▶ _What the task asks_: With pictures left out, set down exactly the lines from the line containing "Selectable termination impedances" through the last line of the data.

▶ _Dataset section_:
--------------------------------
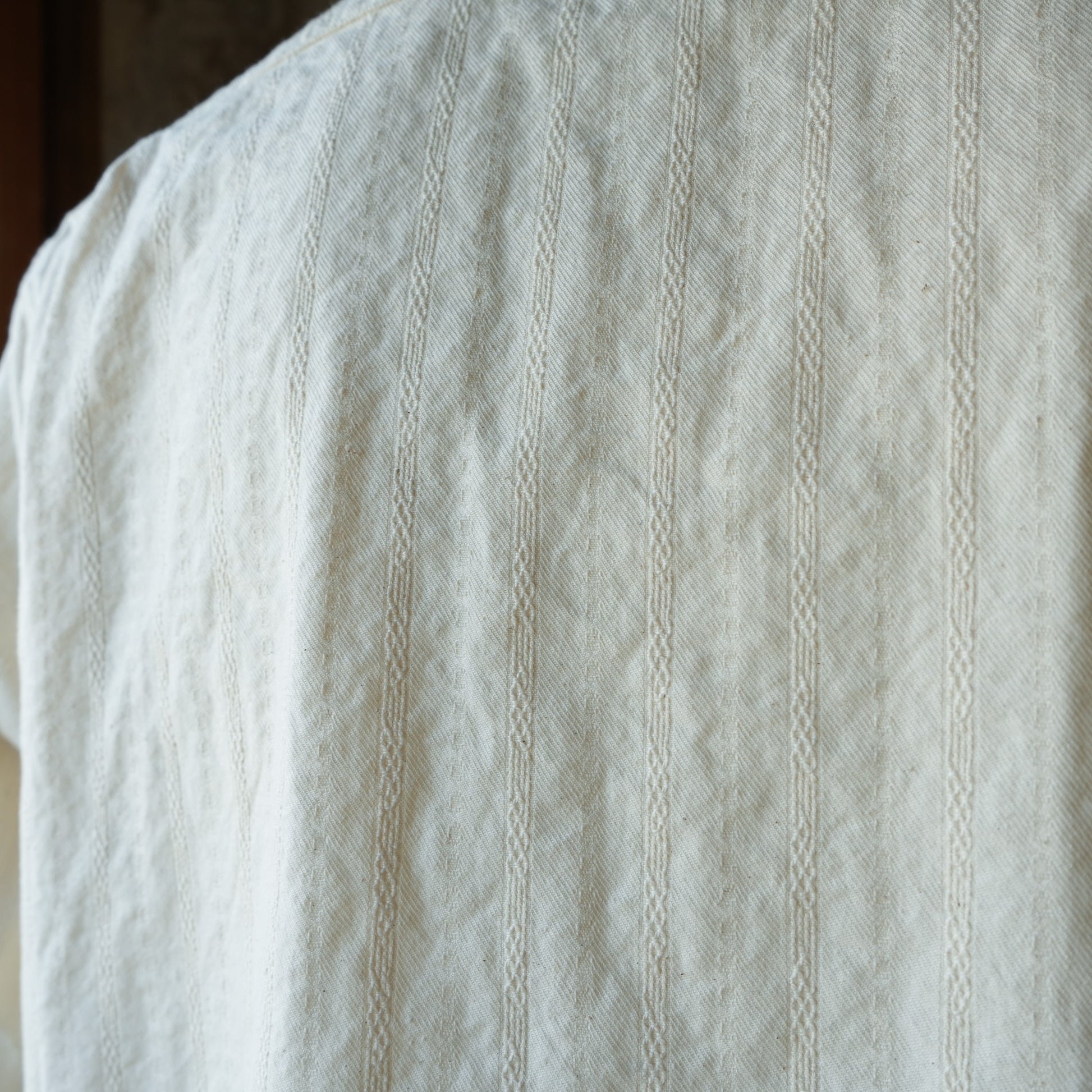 This fabric design, with its stripes created through weaving techniques, evokes a century of history. The complex layering of warp threads creates a unique three-dimensional effect and a striking appearance. This work shirt, with dual pockets, combines practicality with the classic feel of the early 20th century. It's a well-balanced piece that exudes tradition while also being easy to wear today. Be sure to pick it up and enjoy the depth and comfort of the fabric.
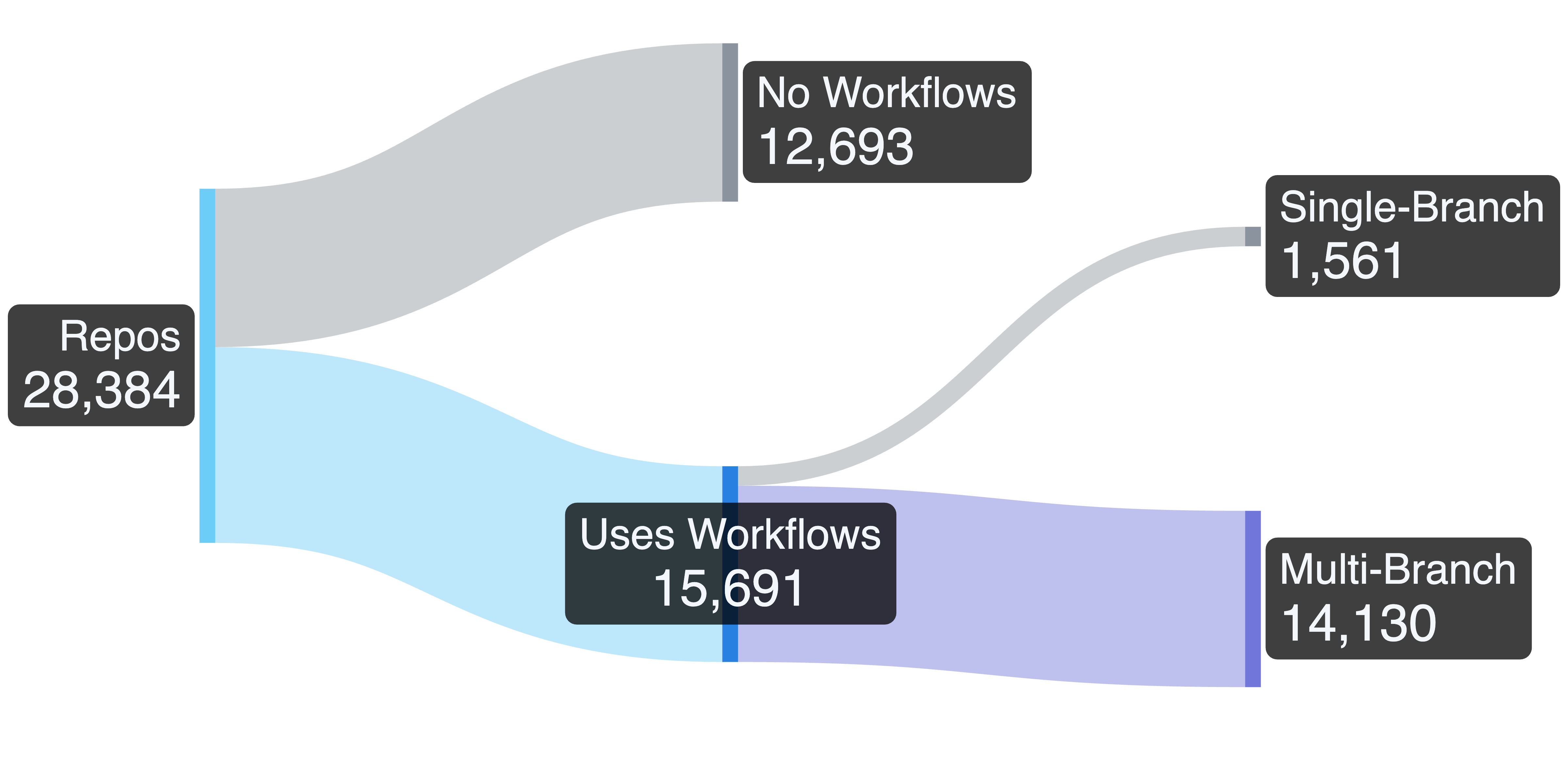 We started by crawling the workflows of top repositories with more than 2000 GitHub stars. This limit was arbitrarily as a rough proxy for the popularity of the repos. This left us with 28,384 repositories from which we filtered out repos not containing any workflows, leaving us with 15,691 repos that do use GitHub Actions. From these, we removed all repos that only have a single branch, because by definition, there couldn't be Zombie Workflows here. This left us with 14,130 repos that we needed to scan for workflow files:
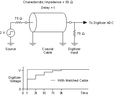 Selectable termination impedances are provided at the digitizer inputs to accommodate the most popular coaxial cable characteristic impedances: 50 Ω and 75 Ω. The diagram below illustrates what happens when a coaxial cable of the wrong characteristic impedance (50 Ω) is used with 75 Ω source and load impedances.
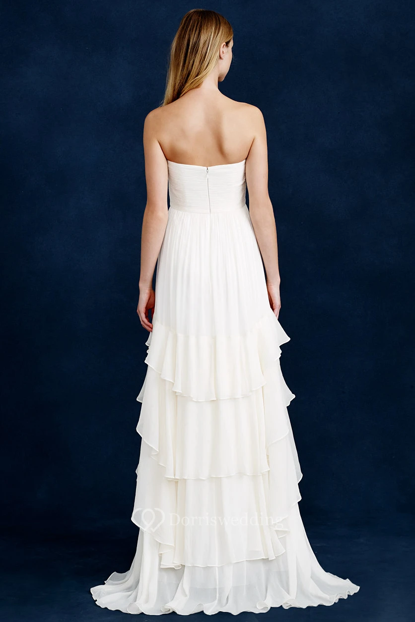 A-Line Tiered Sleeveless Strapless Long Chiffon Wedding Dress With Draping
--------------------------------
▶ _Task result_:
 Selectable termination impedances are provided at the digitizer inputs to accommodate the most popular coaxial cable characteristic impedances: 50 Ω and 75 Ω. The diagram below illustrates what happens when a coaxial cable of the wrong characteristic impedance (50 Ω) is used with 75 Ω source and load impedances.
 A-Line Tiered Sleeveless Strapless Long Chiffon Wedding Dress With Draping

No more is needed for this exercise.